Ebba Sundstrom Nylander (February 26, 1896 — January 5, 1963) was an American violinist and conductor, director of the Women's Symphony Orchestra of Chicago in the 1930s. She may have been the first American-born woman to conduct a full symphony orchestra.

==Early life==
Ebba Sundstrom was born in Lindsborg, Kansas, a settlement of Swedish-immigrant farmers where her father was a carpenter. Both of her parents were musical, as founders of Lindsborg's Bethany Oratorio Society. She learned piano and violin as a child, and began performing for audiences and teaching violin when she was still a young teenager.

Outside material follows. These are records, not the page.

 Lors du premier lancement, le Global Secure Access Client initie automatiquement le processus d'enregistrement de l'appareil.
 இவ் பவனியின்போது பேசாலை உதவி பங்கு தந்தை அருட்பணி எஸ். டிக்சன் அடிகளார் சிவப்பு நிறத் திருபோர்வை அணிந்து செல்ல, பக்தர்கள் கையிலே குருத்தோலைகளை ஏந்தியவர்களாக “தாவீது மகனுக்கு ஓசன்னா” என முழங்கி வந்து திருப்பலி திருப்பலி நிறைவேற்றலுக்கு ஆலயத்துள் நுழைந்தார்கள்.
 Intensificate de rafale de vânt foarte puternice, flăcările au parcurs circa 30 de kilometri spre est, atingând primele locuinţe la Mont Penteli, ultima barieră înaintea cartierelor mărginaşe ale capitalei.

She studied at the Minneapolis School of Music under Richard Czerwonky.

==Career==
In the 1920s and 1930s, Sundstrom maintained a busy performing schedule, regularly appearing on stages in Chicago and Minneapolis, and in live radio concerts. She also taught violin at the Bush Conservatory of Music in Chicago. In 1929, she took over from Ethel Leginska the director position with the Woman's Symphony Orchestra of Chicago. After seven seasons conducting the orchestra, she took leave in 1937 for "study and travel". She did not return to the conductor's post, but by 1941 was teaching at North Park College, and conducting the school's orchestra, until she resigned from North Park in 1951.

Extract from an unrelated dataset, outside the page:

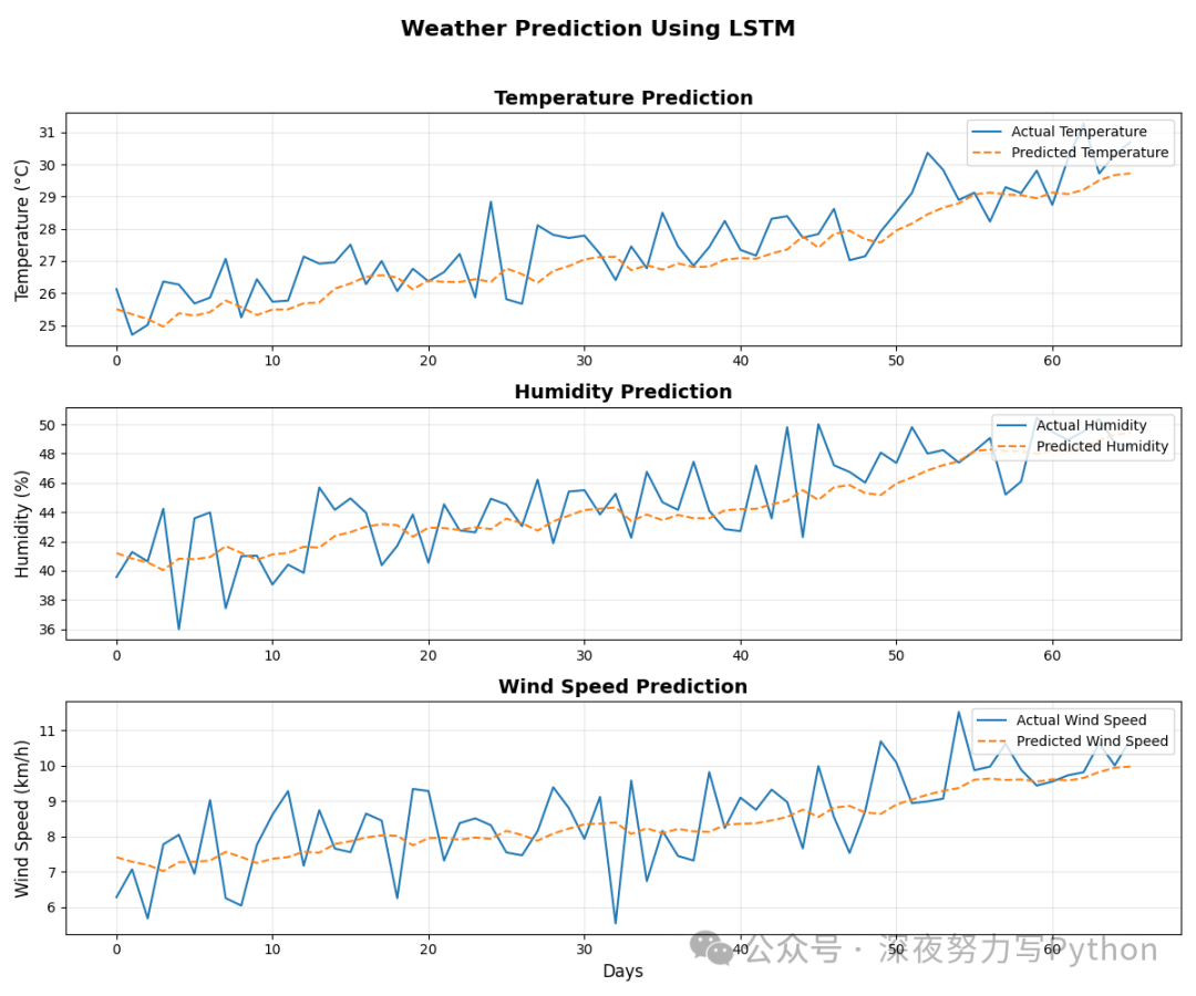 温度预测的图形展示了LSTM模型对温度时间序列的捕捉能力。如果预测线能够紧密跟随实际温度曲线,说明模型能较好地捕捉温度的变化趋势。如果偏差较大,则需要调整模型复杂度或序列长度。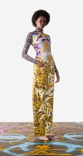 The graphic patterns adorned both garments and display elements, such as shop windows and public advertising. For instance, a display stand at Beijenkorf in Amsterdam featured the pattern. Public brand communication and presence in fashion department stores are vital for engaging the target audience and promoting the new collection. Precise technical planning ensured the patterns' effectiveness across different contexts.

Sundstrom often played with and for Swedish-American cultural groups, including the United Swedish Singers of Chicago, The Swedish Old People's Home Society, and the American Daughters of Sweden. She was one of the first members of Altrusa in Chicago, and appeared on Altrusa programs as a presenter. She was president of the Women's Music Club.

==Personal life==
Ebba Sundstrom married Victor T. Nylander, a dentist who taught at the University of Illinois at Chicago from 1920 to 1937. They had a son, Reinhold Nylander, born in 1930. She was widowed when Victor died in 1962. Ebba Sundstrom Nylander died in 1963, aged 66 years.